Sunday, 31 May 2009
Snip snap snip
For someone whose media empire is based on vulgarity, indiscretion and an obsession with what famous people get up to in their spare time, assuming that's still a meaningful concept, Silvio Berlusconi's attempt to block the publication of photographs taken at one of his Tiberian extravaganzas in Sardinia seems a bit mean-spirited. Particularly as, according to SB, the photographs are not damaging, and show people, in the great man's own wonkily grammatical words, "during absolutely private moments which are completely legal." I wonder what he means by damaging. Come to that, I wonder what he means by private and legal. Official photographs of one of his Sardinian knees-ups a couple of years ago saw him surrounded by a bevy, as the cliché has it, of young beauties, draped on and around him like piglets round a sow. They were published, I believe, in one of his house magazines, Panorama if I remember rightly, or possibly Chi. These didn't seem to be a problem. Obviously, the mood has changed since then, as moral clouds gather around the hairpiece of the anointed leader.

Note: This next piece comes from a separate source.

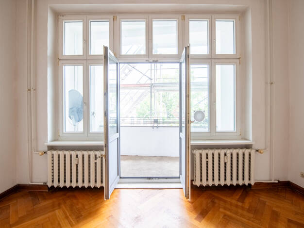 Wohnkomfort: . Drei geräumige, zur Straße ausgerichteten Zimmer sind dank der imposanten Kassettenflügeltüren miteinander verbunden und schaffen eine beeindruckende Zimmerflucht . Das sogenannte Berl...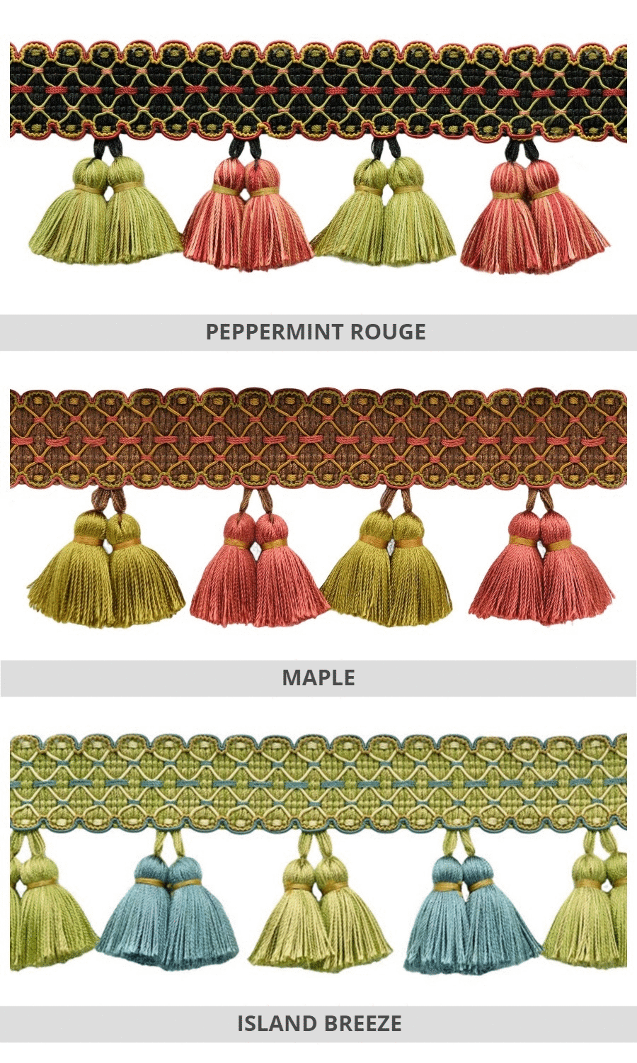 The gimp header is intricately woven and each individual tassel in this trim is hand tied by expert artisans, making each bobble unique. We therefore expect very minor variance between trims and tassels.

But the fact that the incriminated photographer, a certain Antonello Zappadu, has handed over the snaps of his own free will after having tried to flog them to, that's right, Panorama suggests that they really are innocent images of the rich and the lovely in moments of legal intimacy. So why all the fuss? Surely it can't be a warning to other photographers that their less innocent work should be discreetly destroyed? Surely not? I mean, that's the way the Mafia behaves.